On the chopping block: 7 minutes.

With some good rest having re-fueled my brain, I can now coherently share the last day of picture editing. It is a big relief to have this big chunk done, as all of the other elements-- color correction, audio, scoring-- rely on this process being complete.

By yesterday morning (or... two days ago evening, yesterday afternoon, 4am? who knows), Ruan's office looked a lot like a dorm: a lot of socks on the floor, a nap spot on the floor, M&M snack mix bags, pistachio shells, gatorade syrup, melted iced-coffee, wires and iphones and CDs, half eaten tortillas, questionably runny guacamole, cereal bars, and 4 wide eyeballs. We were seriously hunkered down. By midday we happily trimmed the last clip of the final scene we had left to work on. Then we got ready to watch it over, thought about what fresh yummy lunch we could make, talked of a jog later in the afternoon, maybe a rent a movie and put our feet up, get some wine...?? The possibilities were endless, and seemed so relaxing and like the things real balanced people do. Then just as we were ready to watch, movies and jogs and sugarplums dancing about our heads, Ruan's mouse hovered at the end of our last scene, and he looked at me. Not a good look. Then he delivered the news: twenty-seven minutes.

oh. BLEEP.

Our festival short film rules say 20 minutes is the max. In this editing situation, 7 minutes is FOREVER.

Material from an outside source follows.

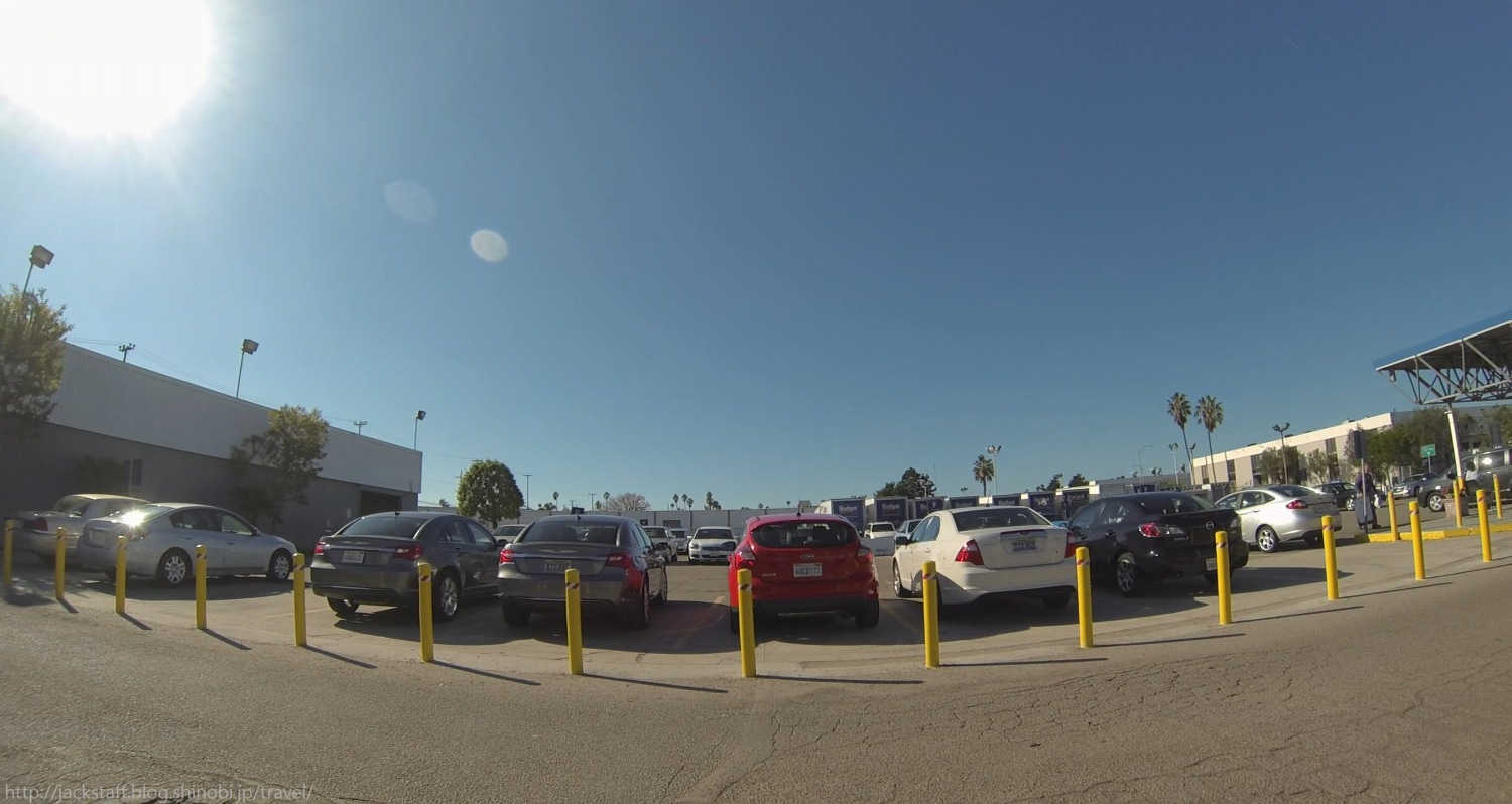 ザ・ビッグ・エンデバー 僕がロサンゼルスに行く半年ほど前、退役予定だったスペースシャトルのオービタ「エンデバー」がダウンタウンにあるカリフォルニア科学センターで展示されると言う話を耳にした。展示開始は10月末から、実は当初の出発予定は9月だった。僕はどうしてもこの機会に見に行きたいと予定を再調整していたのだが、結果として仕事のプロジェクトが延びた事や、Van Halenライブの延期などが重なり11月出発に変更することが出来た。そんな2012年11月19日、つまりは一般公開から3週間も満たない展示したての機体に幸運にも会うことが出来る。 だがその前に一件寄りたい場所がある。アメリカでの生活にもたいぶ慣れてきたことだし、ついにレンタカーを借りるのだ。 ホテルからバスとメトロレールを乗り継ぎLAXへ、そこからレンタカー会社別の専用バスで向かう。今回借りたのは格安海外レンタカー会社の一つ、ダラーレンタカーだ。 予約は日本から入れていたのだが、店舗で確認をしてみるとオプションの保険とGPSで予想以上に値が張った請求書が出てきた。 確か予約時に保険加入パックと書いてあったはずだが、店員としばらく話し込んでいたが結局分からず、初めての地と言うこともあり初期に提示されたプランで妥協することにした。 どうも仲介予約サイトとの連携が悪かったらしく僕自身も事前に保険内容を再確認しておかなかったことを後悔した。結局結構な金額になってしまった、これなら案外Hartzでも変わらなかったかもしれない。 まぁいい。気を取り直して書類を受け取る。どうやら店舗横の倉庫内にキーが付いたまま並べられている車を指定ランク内から好きに選べるようだ。 黒のクライスラーにするか迷ったが予約時に指定していたのと同じダッヂ・アヴェンジャーにした。予想よりもしっかりした内装をしている、いい車だ。 左:倉庫内にも車両がズラリと並んでいる。ランク分けされているのでその中から好きな物を選び乗って出るわけだ。

Nope, I thought. Simply, NOPE. I like it all, it works this way, this is the story we are telling, and Ruan you maniac we're not cutting 7 minutes from this film.

But we had to. And we worked all day, and up until around midnight cutting that 7 minutes out of the final edit. We must have gone through and through and through that film at least 11 times, each time shaving a mimute, or 2, or 45 seconds. We didn't have even ten seconds of time to spare, because audio needs to time to bring quality into the work as well. The longer we wait to give the final film edit, the less time they have to do their work. By midnight yesterday my eyeballs had found their way safely back into my head and my scales receded, and we had 20 minutes and 4 seconds. Ruan's cold sweat dried up,

It occurred to me as we were trimming down our edit that finding rich details in a mere second, or finding one look, one line, delivered so well that it tells a full feeling as fast you can blink is a real art. It's an art that happens in the shot choice, in the directing, in the performance, in the editing, and in coalesces in a magical way sometimes. It's a doozy. And discovering this is what got us through, as we began to get the hang of not relying every time on one long beautiful 9 seconds of a moment between actors, and instead recognizing the punch these performers delivered in one powerful second of being in the moment with each other. I won't say it wasn't stressful, or that I didn't almost deny Ruan the right to eat because those bleeping-ing 7 minutes we had to trim... but we made it down to the time we need, and I don't feel that we sacrificed story to do so.

Again: Ruan's patience is a blessing, Jason Roberts' our 1st AD is a rockstar for his enthusiasm and willingness to help at every stage, each of your (72 of you Kickstarter backers!) support is inspiring and motivating. Thanks also to my dad for his daily emails of encouragement, my mom for her positivity and guidance for LUNAFEST, Ruan's parents for feeding us and keeping us warm and with a roof while we've gone through this process for the last several days. Looking forward to details soon about how the audio mixing is going!